BRC RECOVERY BLOG

Treating Complex Trauma: An EMDR and IFS approach

trauma

What designates a person’s trauma history as complex? No trauma experience is “easy” or “simple”, but this term refers to prolonged, repeated experiences in interpersonal relationships lasting over time.  Usually originating in childhood, these events are often difficult to escape from, and can include minimization or denial from the primary support system.  Because the brain is still developing in childhood and adolescence, this can lead to greater difficulty coping in relationships and can include: dissociation, somatization, and more ingrained coping styles that can shape the personality.  The nervous system (which remembers everything that has ever happened to you) can be in a constant state of flight/fight/freeze/flee or “wired and tired”, making it extremely difficult to relax.  In early recovery, treating these issues is imperative to help reduce the risk of relapse, but also requires an abundance of caution to ensure the client is ready and has the tools to handle such treatment as their body adjusts to newfound sobriety.  Treating complex trauma also requires specialized training to ensure safety, best treatment, and to appropriately address potential road blocks. 

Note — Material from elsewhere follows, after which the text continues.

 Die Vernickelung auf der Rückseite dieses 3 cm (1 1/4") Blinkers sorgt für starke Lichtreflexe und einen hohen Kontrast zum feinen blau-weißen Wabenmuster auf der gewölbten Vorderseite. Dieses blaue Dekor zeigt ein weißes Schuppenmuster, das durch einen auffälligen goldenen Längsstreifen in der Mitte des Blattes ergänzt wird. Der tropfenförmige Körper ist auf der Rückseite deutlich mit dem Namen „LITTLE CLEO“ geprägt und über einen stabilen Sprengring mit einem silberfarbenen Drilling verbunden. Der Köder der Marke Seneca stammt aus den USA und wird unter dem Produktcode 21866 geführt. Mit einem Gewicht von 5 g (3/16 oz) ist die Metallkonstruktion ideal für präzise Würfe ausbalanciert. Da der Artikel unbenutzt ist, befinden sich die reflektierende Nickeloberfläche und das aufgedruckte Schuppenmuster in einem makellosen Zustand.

Our brains are well equipped to protect us from harm.  From an Internal Family Systems (IFS) perspective, we all develop internal coping mechanisms to aid in survival.   These defense systems (called parts, aspects, pieces, etc.) become experts at a specific way of protection, that continues well past the original trauma and may or may not continue to serve us.  An example might be a child developing a part that learns to people please to avoid verbal or physical harm from a caregiver.  While in childhood, this behavior might reduce potential harm.  People pleasing in adulthood, however, can lead to an inability to verbalize feelings, difficulties in relationships, and with regulating mood.  In IFS, we do not view these parts as maladaptive, in fact they were adaptive for some time and can learn new ways to protect and serve.  The goal of parts work is to get to know your parts, develop curiosity and compassion for them, and help them work together to learn alternative ways of serving the system that the entire system agrees with.  When the system is not working together, it can look like one part choosing to drink to numb feelings when other parts do not want to engage in that behavior. 

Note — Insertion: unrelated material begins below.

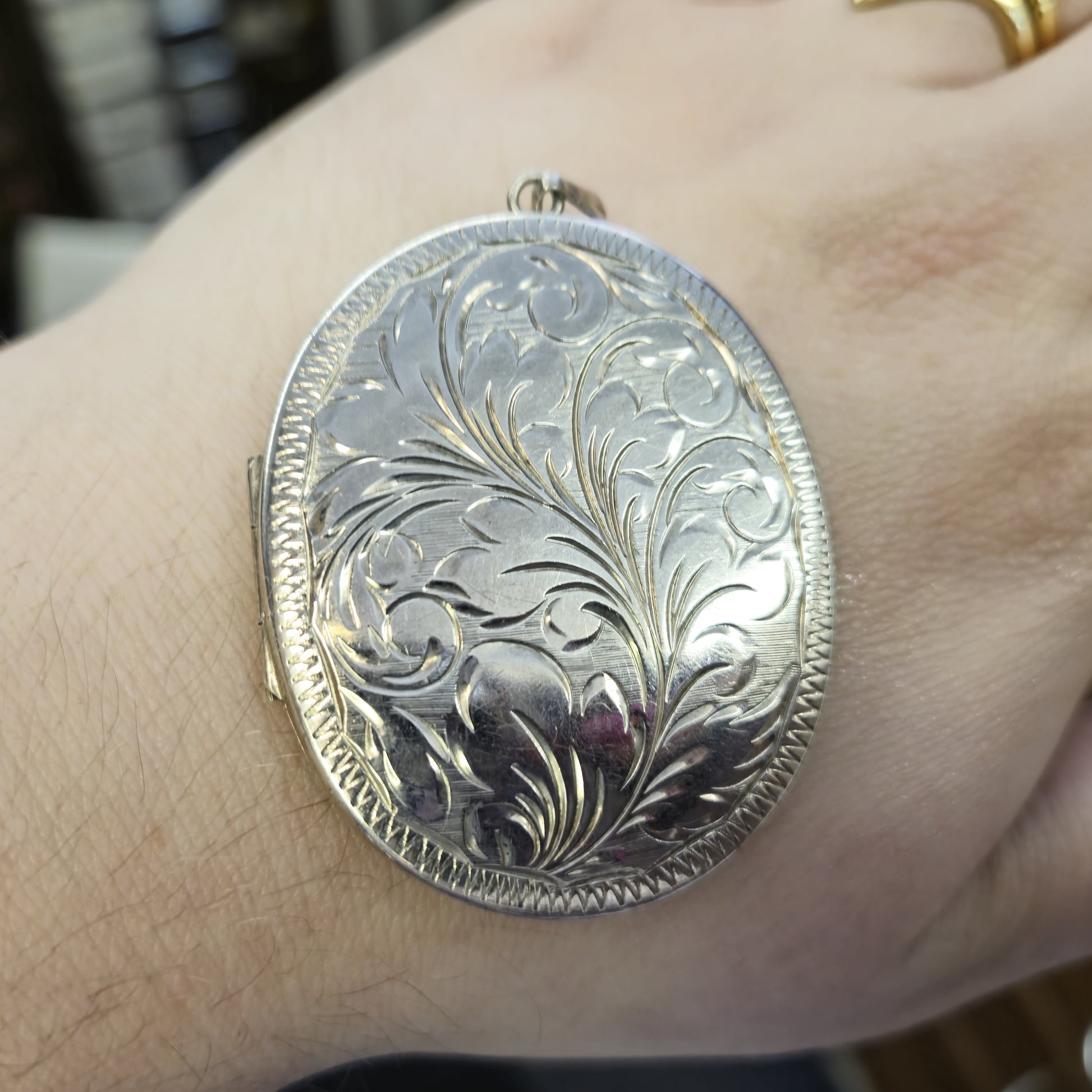 Sterling Silver Extra Large Engraved Scrolling Patterned Oval Locket

There can be fear or phobia of parts or between parts that can be addressed and resolved using EMDR techniques of desensitization.  Even if a client is highly motivated for trauma work, they might have a part or parts that aren’t as excited about it and resistant to change. Sometimes parts are still stuck in trauma; they not believe it is safe to stop doing what they believe works best to protect the system. Other times, parts may not know there are other parts and may think they are the only part in town.    This might look like an avoidant part whose job has been to avoid anything related to the trauma. We then work to help this part understand why it might be helpful to allow feeling so we can move through and discharge emotions.   Avoidance is a normal response to trauma as we are hard wired to avoid pain (think about putting your hand on a hot stove, we have a reflex that immediately tells us to move our hand).  So the idea of moving toward the pain to heal can feel foreign at first and take some warming up to. 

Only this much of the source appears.